Louisiana (La R.S. 22:215.25) in effect 1/2004
Covers children less than 18 years of age with a limit $1,400 per aid, every 36 months.

Maine (ME LD 1514) in effect 1/2008, 1/2009, 1/2010
Covered – Children 5 and under took effect Jan. 1, 2008, children 6-13 takes effect Jan. 1, 2009, children 14-18 takes effect Jan. 1, 2010 a limit of $1,400 per aid, every 36 months.

Maryland (HB 160) in effect 2002
Covers children less than 18 years of age with a limit of $1,400 per aid, every 36 months.

Minnesota (Minn. Stat. 62Q.675) in effect 8/2003
Covers children less than 18 years of age with a limit of 1 hearing aid per ear, every 36 months, no limit on cost and no additional deductible nor similar restrictions.

Missouri (376.1220 R.S. Mo) in effect 2004
Newborns has coverage for screening, hearing aid purchases and audiological assessment with a
limit, although coverage amount varies per need of the newborn.

New Hampshire (HB 561) in effect 1/2011
Has no age restrictions with a limit of $1,500 per hearing aid, per ear, once every 60 months.

New Jersey (S. 467 / A. 1571) in effect 4/2009
Offers coverage for children 15 years old and younger with a limit of coverage for $1,000 per aid, once every 2 years.

New Mexico (SB 529) in effect 7/2007
Covers children 18 and under, or even those 21 and under if they are still enrolled in high school with a
limit of $2,200 per ear, once every 36 months.
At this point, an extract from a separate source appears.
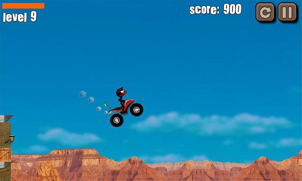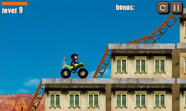 Take over the role of the superb stickman and perform stunning stunts on your motocross bike. Try to give the best show and make it to the finish. Earn much cash for upgrades and gain high scores, but beware of any crashes. Change your quad biketo complete each level.

North Carolina (HB 589) in effect 1/2011
Children under the age of 22 has coverage with a limit of up to $2,500 per hearing aid, per ear, once every 36 months.

Oklahoma (36 Okl. St. 6060.7) in effect 11/2002
Covers children under 18 and adds requirement of hearing aid prescription and dispensing by a licensed audiologist; allowing hearing aid benefit every 48 months without a dollar limit.

Oregon (HB 2589 / Chapter 553 – 2009 Laws) in effect 1/2010
Children under 18 and also dependents are covered with a limit – $4,000 per aid, once every 48 months.

Rhode Island (R.I. Gen. Stat. 27-19-51) in effect 1/2002
No age restrictions on coverage but with a limit increased in 2006 from $400 to $2,000, per hearing aid for people under 19. For all others, increased from $400 to $800, per hearing aid once every 36 months for both groups.

Wisconsin (SB 27 / 2009 Wisconsin Act 17) in effect 1/2010
Covers children under 18 (Hearing aids and cochlear implants) with no dollar limit covering the cost of one hearing aid per ear (once every 3 years), cochlear implants, and related therapy.